The Joint Committee on the Conduct of the War had resolved on a visit to Manassas. The Virginia countryside was disfigured by shattered trees, blackened ruins and rudely marked graves. The litter of the retreating Confederates strewed the roads. Fences had been demolished; and the wheat fields were trampled plains of earth, covered with rebel soldiers’ huts. Yet the excursion was not without its pleasurable aspect. It proved to be far more agreeable than the outing which two of the committee members, Ben Wade and Zach Chandler, had made the preceding summer. As the carriages rolled along in the pale March sunlight, the white tents of McClellan’s army gleamed through the pine trees. Troops of cavalry were in motion. To the sound of martial music, soldiers were drilling in the open spaces, while others were amusing themselves by running races or playing ball.
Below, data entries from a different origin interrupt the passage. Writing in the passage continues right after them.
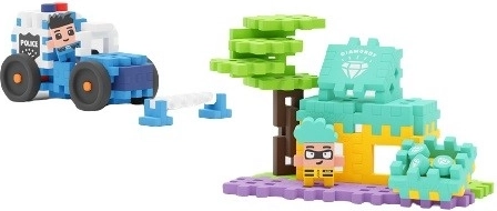 Zestaw zawiera 80 elementów oraz dwie specjalne figurki. Dzieci mogą bawić się w dzielnego policjanta lub spróbować uciec jako Rabuś Gizmo. Zachęć ich wyobraźnię i twórczość.
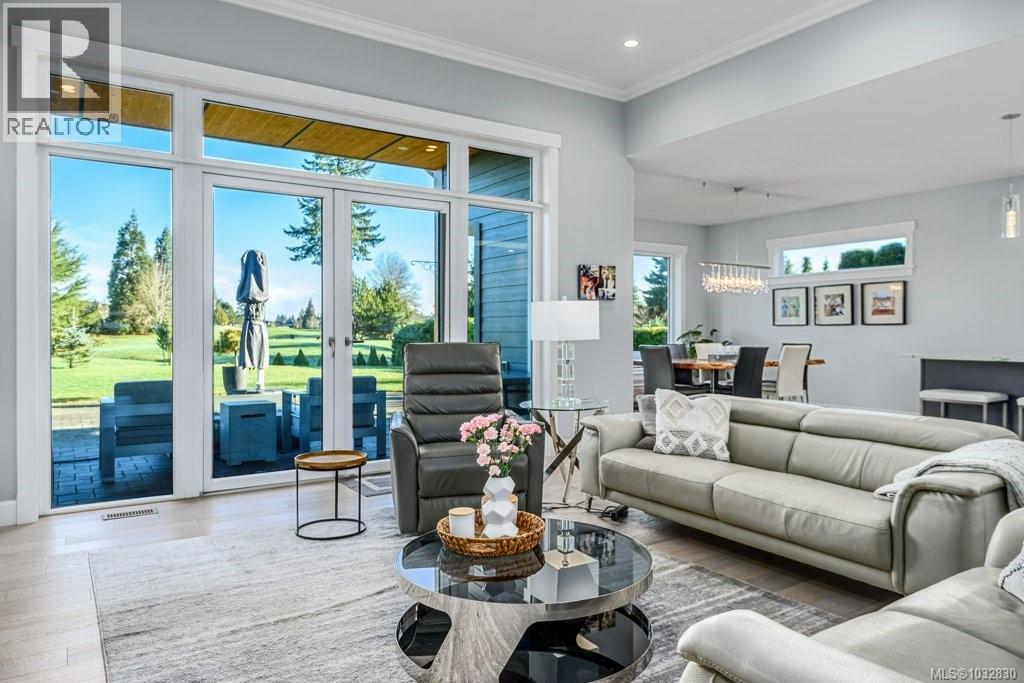 $110 MonthlyWelcome to Hampton Gate, an exclusive gated golf community located at Crown Isle on Vancouver Island. This contemporary rancher is ideally positioned between the 16th & 17th fairways, offering exceptional golf course frontage and unparalleled views down the 11th fairway. Set on a quiet cul de sac at the end of the complex on one of the largest lots, this custom built 2019 home showcases refined craftsmanship, including European white oak engineered hardwood flooring, Innotech tilt and turn windows, quartz countertops, and 11foot ceilings in the great room. Outdoor living is highlighted by a huge patio with interlocking pavers, a covered area for all season use, and a Watkins saltwater spa in a private setting. Green built options include EV charger, heat pump, and efficient natural gas on demand hot water tank/furnace/fireplace/bbq. With level entry living, wide hallways, and a 5 foot paved walkway encircling the home, this residence is a great option for all ages. Generous size garage fits 2 cars, storage and workshop area comfortably. Come and see why Hampton Gate is a great place to call home. (id:44393)
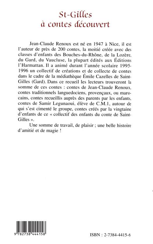 Jean-Claude Renoux a animé durant l'année scolaire 1995-1996 un collectif de créations et de collecte de contes dans le cadre de la médiathèque Émile Cazelles de Saint-Gilles (Gard). Dans ce recueil, les lecteurs trouveront la somme de ces contes : contes de l'auteur, contes traditionnels languedociens, provençaux, ou marocains, contes recueillis auprès des parents par les enfants, contes des élèves. Une somme de travail, de plaisir ; une belle histoire d'amitié et de magie.
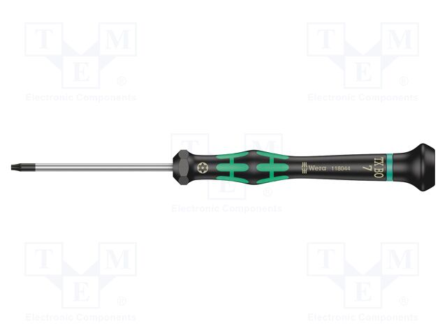 WERA 05118044001 2067 TORX® BO Screwdriver for Tamper-Proof TORX® Screws for Electronic Applications, TX 7 x 60 mm
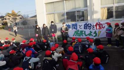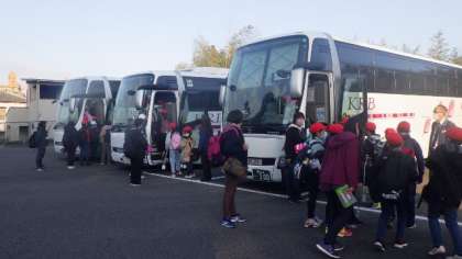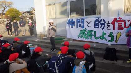 学校で出発式を行い、出かけていきました。
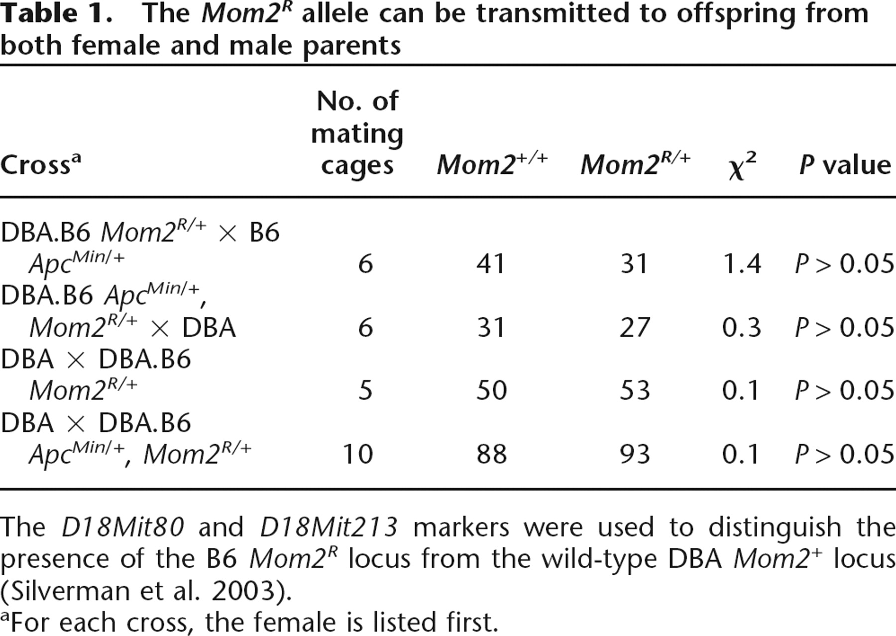 The D18Mit80 and D18Mit213 markers were used to distinguish the presence of the B6 Mom2R locus from the wild-type DBA Mom2+ locus (Silverman et al. 2003).
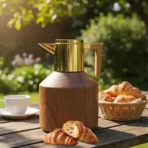Garrafa Térmica Para Café Chá 1lt. Madeira Escura Bico Dourado
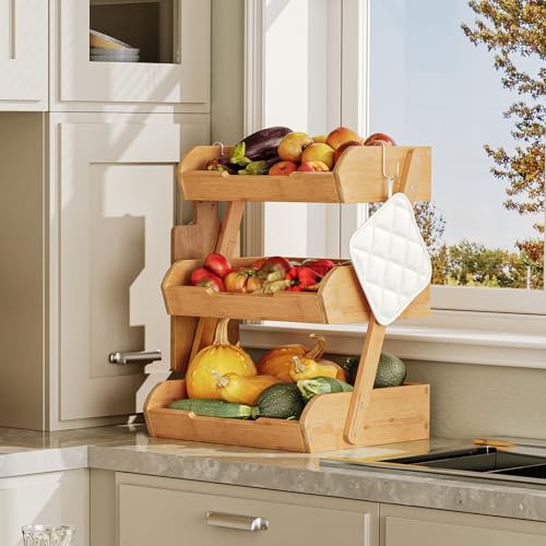 - Transform Your Space: Fruit basket can save you a lot of space on counter, This bamboo fruit basket features 3 trays of varying sizes to cater to your storing and sorting needs for fruits and vegetables, as well as incorporating 2 removable hooks for banana hanging
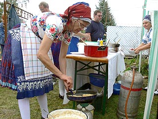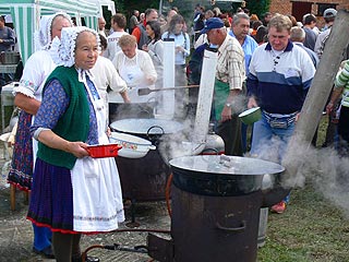 Közel félszáz üstben, fazékban, tepsiben készül a finomság. Azonnal elveszítem önbizalmamat, hiszen ezt lehetetlen lesz végigkóstolni. Persze azért harc nélkül nem adom fel. Régi országjáró tapasztalatomat bevetve nem hagyom, hogy az első szembejövő haluska rám erőszakolja magát, hiszen az út menti csárdákba is oda érdemes betérni, ahol sok autó – lehetőleg kamion – áll. Annyi ember csak nem tévedhet!
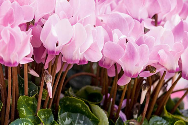 Цикламен персидский Розмари - Многолетнее клубневое растение семейства Первоцветные. Цветки очень ароматные, цветонос достигает длины 15 -20 см. Цветет с поздней осени до конца апреля, летом находится в состоянии покоя. Оптимальный срок посева конец августа. Семена перед посевом замачивают на сутки в теплой воде, а затем высевают в горшки с листовой и торфяной землей(1:1).Сверху семена присыпают слоем земли 0,5-1см, обильно поливают, накрывают темной пленкой. При t 20°C всходы появляются через 30-40 дней. После появления всходов притенение снимают, температуру снижают до 15-17 °C. Когда образуются маленькие клубеньки с двумя листочками, пикируют в ящики со смесью из листовой, торфяной земли и песка (2:1:0,5). При пересадках у молодых растений верх клубенька должен находиться у самой поверхности почвы (не глубже 0,5 см). У взрослых растений верх клубня обычно открыт. В период покоя сбрасывает листья. Выращивают на северных и восточных окнах, на южном притеняют от прямых солнечных лучей. Зимой содержат на светлом месте при температуре не выше 8 - 10 градусов. Летом необходимо выполнять приемы по поддержке роста растений: поливать исключительно через поддон, опрыскивать водой комнатной температуры, удобрять. Удобряют не более 2-3 раз за лето, преимущественно азотно-калийными удобрениями.

Congressman Julian of Indiana said that it was “delightfully exhilarating,” especially to men who had been confined all winter at the long hearings in the basement of the Capitol. Centreville and Manassas must have been more exhilarating still, for they afforded the committee members that high moral pleasure which is to be found in the justification of a s
trong animosity. An inspection of the Quaker guns confirmed their suspicions of General McClellan’s good faith. “They were certain, at all events,” as Julian euphemistically phrased it, “that his heart was not in the work.”
The gentlemen of the Joint Committee were not the only ones who were curious to visit the battlefield, now that it was restored to Federal occupation. Washington livery-stable keepers and hackmen were reaping a harvest from the trippers. A Saturday excursion train was inaugurated, while two stages made the run on three days of the week, in charge of drivers who had been taken prisoner by the rebels and were therefore qualified to act as guides. The collection of souvenirs was a craze. A commercial motive animated some of the tourists, for war curiosities found a ready market. At Fairfax, where the courthouse stood neglected, with open doors and ancient papers scattered over the floor, the excursionists carried off documents, some of which dated from the reign of George III. On the field of battle, trophies were hard to find, for everything had been picked over by the Union soldiers. Near Bull Run, the Confederates had erected a marble tablet to the memory of General Bartow, who had fallen in the battle; and Northern vandals busied themselves in chipping off pieces of the slab as mementoes. Cartridge boxes and haversacks, Bibles, horseshoes, rifle bullets and scraps of iron were eagerly salvaged. Now and then, industrious searchers were rewarded by a scabbard, a crooked saber or a bent gun barrel; and, stowing the treasure under the carriage seat, they drove back to Washington in triumph. Often their elation was short-lived. Government property was liable to seizure, and daily at the depot the provost guard removed from citizens between ten and a hundred pieces of swords, muskets and side arms. At the end of April, visits to Manassas were brought to a close by a report that three civilians on horseback had been captured by rebel cavalry. Guerrilla parties were said to be still hovering around that vicinity, and tourist travel was prohibited.